◆ Task item ◆
Within the entries below, output exactly the lines between the line containing "L'option Définir l'assiette" and the line containing "8.下面我们来制作螺纹,在顶", inclusive, and omit any picture.

◆ Material shown ◆
◆ ◆ ◆ ◆ ◆ ◆ ◆

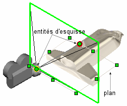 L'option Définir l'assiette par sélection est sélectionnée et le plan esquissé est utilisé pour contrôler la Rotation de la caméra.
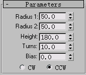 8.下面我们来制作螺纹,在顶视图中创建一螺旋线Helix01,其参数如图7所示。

◆ ◆ ◆ ◆ ◆ ◆ ◆

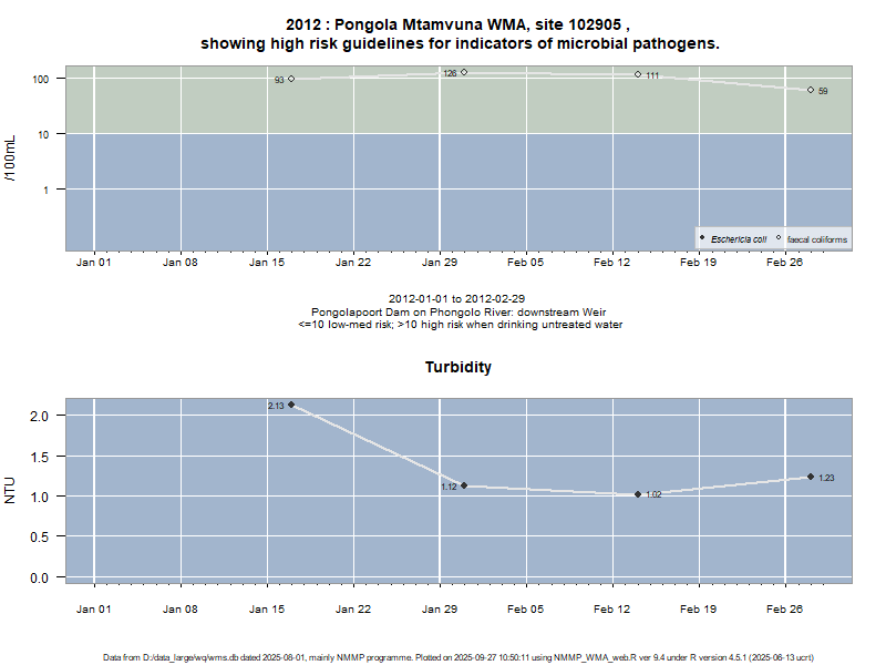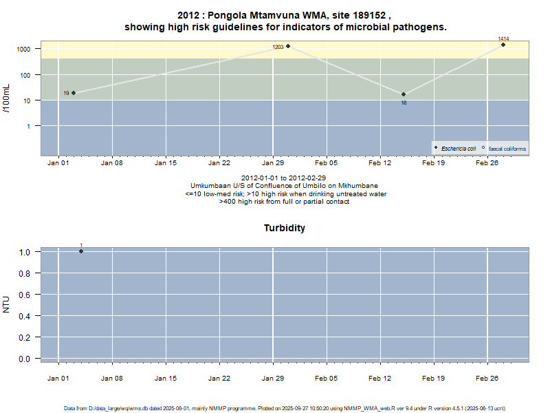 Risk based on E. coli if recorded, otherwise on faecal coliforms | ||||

◆ ◆ ◆ ◆ ◆ ◆ ◆

◆ Result for this exercise ◆
 L'option Définir l'assiette par sélection est sélectionnée et le plan esquissé est utilisé pour contrôler la Rotation de la caméra.
 8.下面我们来制作螺纹,在顶视图中创建一螺旋线Helix01,其参数如图7所示。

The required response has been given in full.